YOUR GOAL:
The listing below should be printed exactly, though its pictures must not be.

==== INFORMATION SUPPLIED

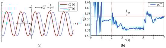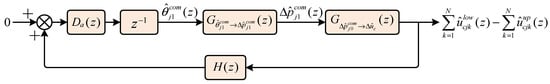 Therefore, in this study, the arm voltage balance is achieved by regulating the phase angle . However, when ≠ 0, the presence of the common-mode current induces fundamental-frequency reactive power exchange between the upper and lower arms. Direct control under these conditions would require frequent adjustments of the phase angle, which can degrade both control stability and performance. To mitigate this issue, a fundamental-frequency moving-average filter is applied to extract the DC component of the arm capacitor power for control, thereby avoiding the influence of reactive power. Furthermore, by superimposing a DC common-mode voltage (t) on the fundamental-frequency common-mode voltage (t), regulation of the average capacitor voltage of the phase is achieved.
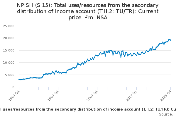 Download this time seriesNPISH (S.15): Total uses/resources from the secondary distribution of income account (T.II.2: TU/TR): Current price: £m: NSA
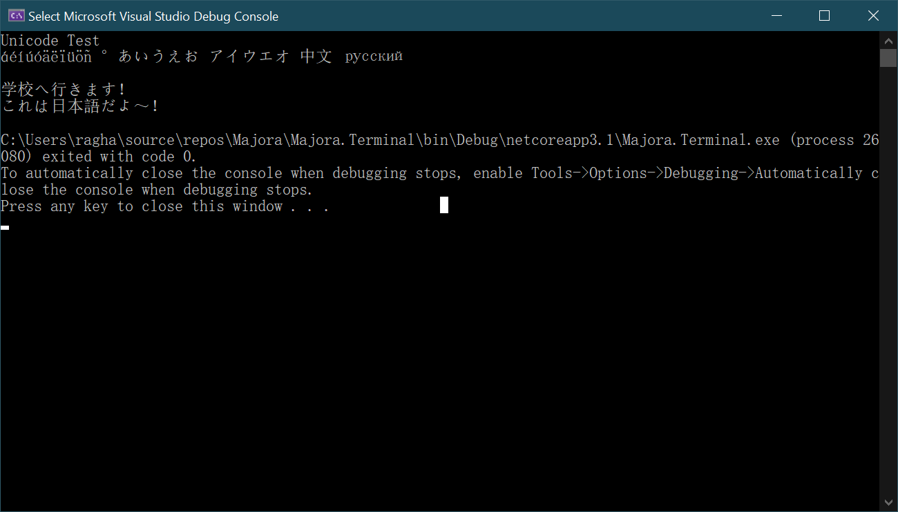 Console.WriteLine("Unicode Test\náéíúóäëïüöñ ° あいうえお アイウエオ 中文 русский\n");
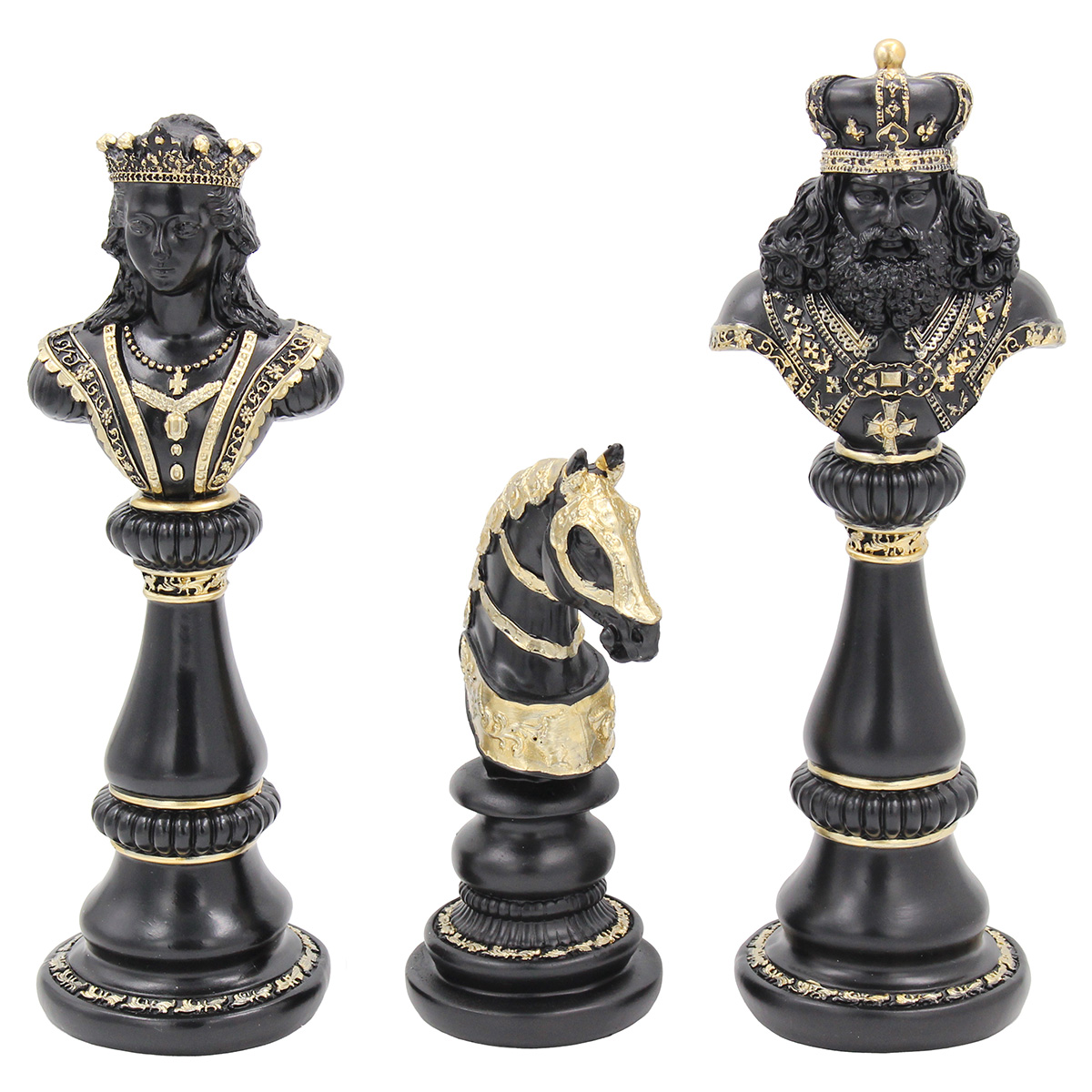 Διακοσμητικά πιόνια τεμ 3 polyresin Μαύρο Χρυσό. Το σετ περιλαμβάνει:

========

RESULT OF THIS EXERCISE:
 Therefore, in this study, the arm voltage balance is achieved by regulating the phase angle . However, when ≠ 0, the presence of the common-mode current induces fundamental-frequency reactive power exchange between the upper and lower arms. Direct control under these conditions would require frequent adjustments of the phase angle, which can degrade both control stability and performance. To mitigate this issue, a fundamental-frequency moving-average filter is applied to extract the DC component of the arm capacitor power for control, thereby avoiding the influence of reactive power. Furthermore, by superimposing a DC common-mode voltage (t) on the fundamental-frequency common-mode voltage (t), regulation of the average capacitor voltage of the phase is achieved.
 Download this time seriesNPISH (S.15): Total uses/resources from the secondary distribution of income account (T.II.2: TU/TR): Current price: £m: NSA
 Console.WriteLine("Unicode Test\náéíúóäëïüöñ ° あいうえお アイウエオ 中文 русский\n");
 Διακοσμητικά πιόνια τεμ 3 polyresin Μαύρο Χρυσό. Το σετ περιλαμβάνει:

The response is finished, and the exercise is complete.